7 thoughts on “Cancer Facts and Figures 2011: Poverty is a Carcinogen. Does Anyone Care?

  1. The University of Tennessee Health Science Center in Memphis is actively involved in addressing the health disparities in our community (which has some of the worst stats in the nation- stroke belt, high diabetes, high infant prematurity and mortality, high smoking rates, high crime and poverty, horrid diet) through a variety of educational programs including CHEER (Consortium for Health Education, Economic Empowerment, and Research). Addressing the problem includes facing the unpleasant realities of poverty, joblessness, communities where even the educated can find no work and must leave, self-medication with tobacco and alcohol, "traditional (actually post-WWII)" diets of horrible food, etc. We discuss and puzzle over these things quite often, in different departments and projects to help poor pregnant women, students in high school and college, public school teachers, physicians, etc.
    In poor cities and states (like Memphis and Mississippi), the discussion is unavoidable. Maybe the silence is deafening elsewhere, but the reality is complex and terrible here on the ground.

  2. Dr. Len, thanks for your clear and concise language regarding so many important issues – I share your posts often with fellow staff members, volunteers and anyone else who asks a question about a topic you’ve addressed.

  3. I really don’t think that being poor is a carcinogen for cancer but this post made me think otherwise, it can be a factor because they do not get the adequate nutrients they need on a day to day basis.

  4. There are many more poor people than privaleged ones.

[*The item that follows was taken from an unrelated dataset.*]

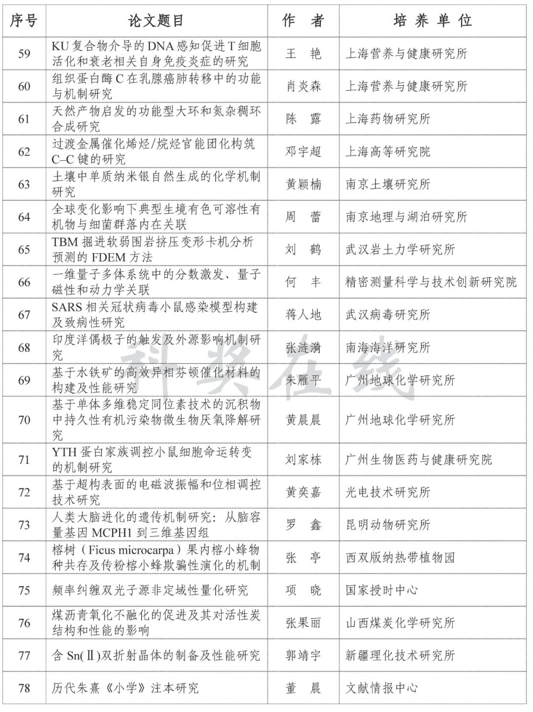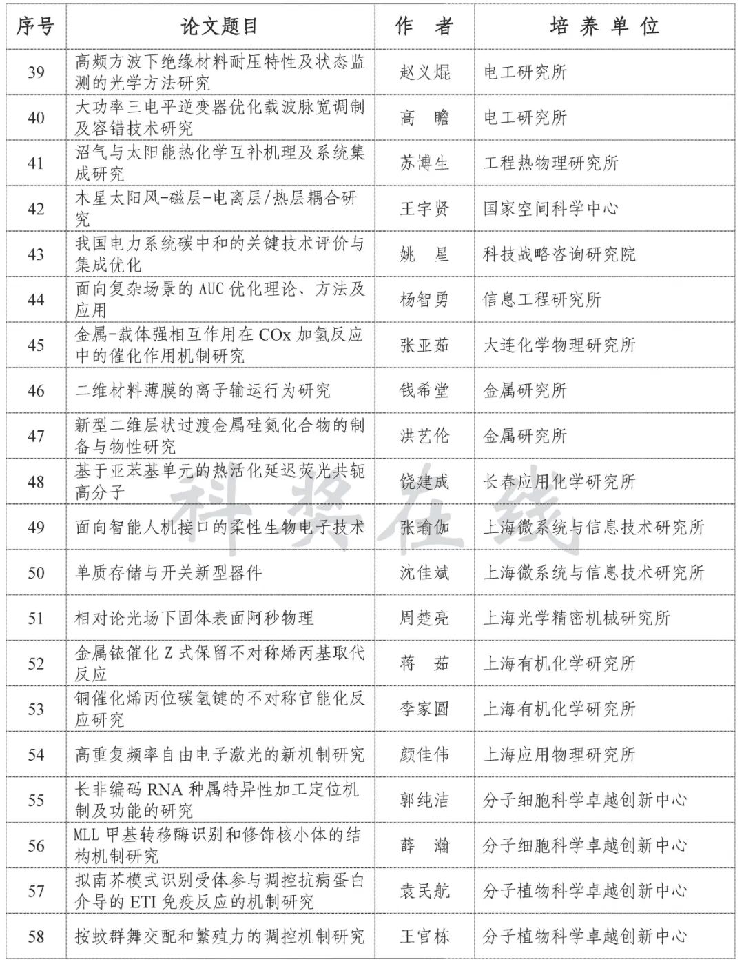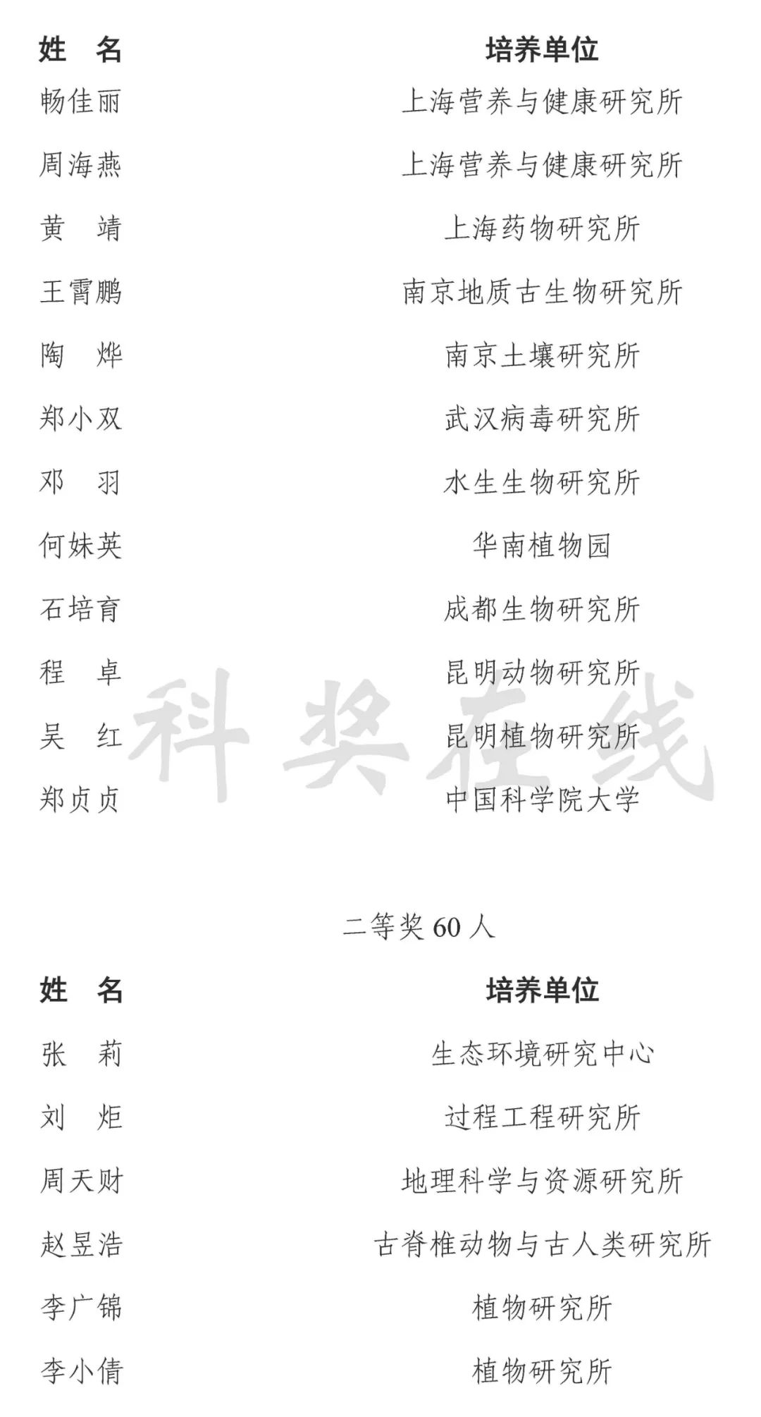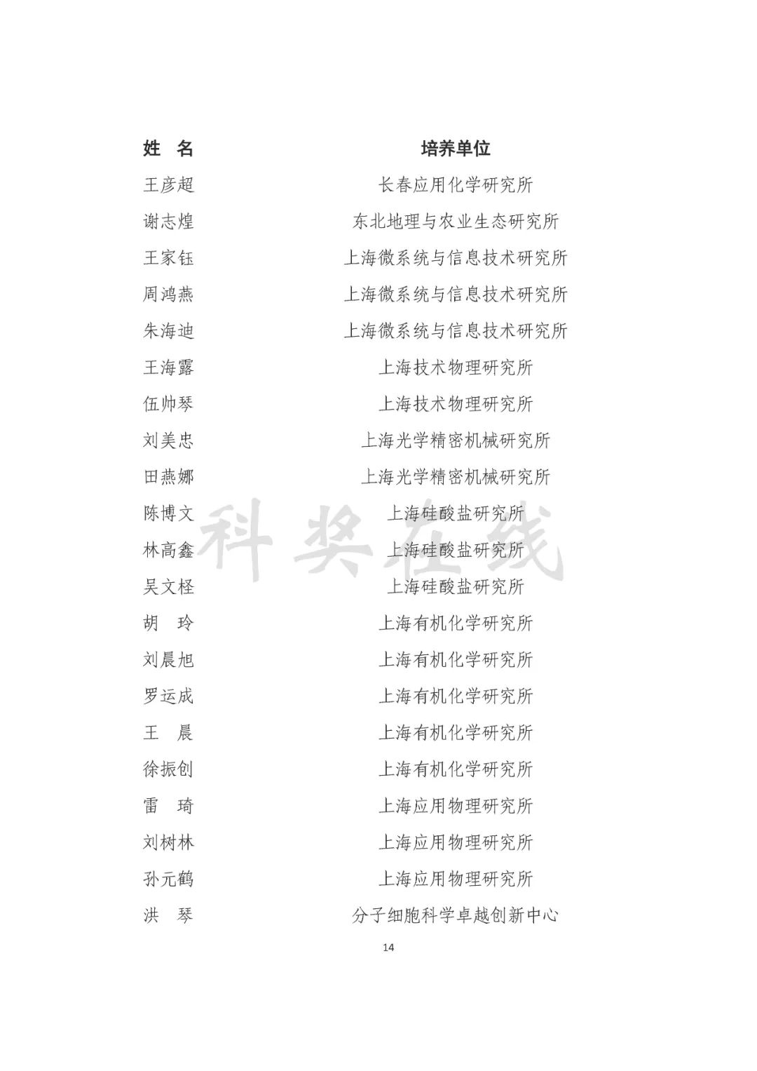 近日,中国科学院公布2022年度“中国科学院院长奖”、中国科学院优秀博士学位论文、“中国科学院优秀导师”、各项冠名奖学金评审结果,经评审,480人荣获2022年度“中国科学院院长奖”,其中王颖等80人获“中国科学院院长特别奖”,刘为等400人获“中国科学院院长优秀奖”。100篇博士论文被评为2022年度中国科学院优秀博士学位论文。173名指导教师获2022年度“中国科学院优秀导师”称号。90人获得地奥奖学金,20人获得大恒光学奖学金。获奖名单如下:

There is more likelihood of someone on a lower income eating the processed cheap rubbish pushed at them through the huge corportate machine. Using being poor to manufacture a statistic like this makes the richer people feel nicely superior. Stop messing with the food, soils and the environment huge corporations (Monsanto is a prime example) and all people would suffer less from cancer. Incidentally cancer treatments don’t work. (ASPIRIN reduces inflamation, inflammation is known to cause cancer yet our big cancer researchers insist on using the same old remedies they have been using for decades despite millions in research funding). If an example of medical stats is the [b]imagined[/b] success of chemo and radiotherapy, the poor need not worry about being at any extra risk.

  5. An insightful post. I see the impact of poverty on the health of my patients every day I work as a clinician in home health care. And what about the poverty that is also all too often the result of cancer and cancer treatment? Even with "early" breast cancer, I can no longer work full-time, but I’m grateful I can work at all and keep my health insurance. I know far too many cancer patients who can’t work at all, and the so-called social safety net has an awful lot of holes in it.

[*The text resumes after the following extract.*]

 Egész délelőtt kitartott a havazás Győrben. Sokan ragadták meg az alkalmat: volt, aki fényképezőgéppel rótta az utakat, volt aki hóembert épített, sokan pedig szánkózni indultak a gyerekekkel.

  6. Knowing that nutrients play a key role in the development of our cells and that we just can’t eat anything we want and get the result of good cell development opens the playing field for poorly developed, or abnormal cell growth, hence, cancer cells. So, in light of this information, I would definitely agree that diet has almost everything to do with how our bodies develop and fight off cancer and other diseases. Poverty is definitely a carcinogen that we don’t talk about enough, and need to emphasize more, because most people probably don’t realize this fact, and need more knowledge in order to change it.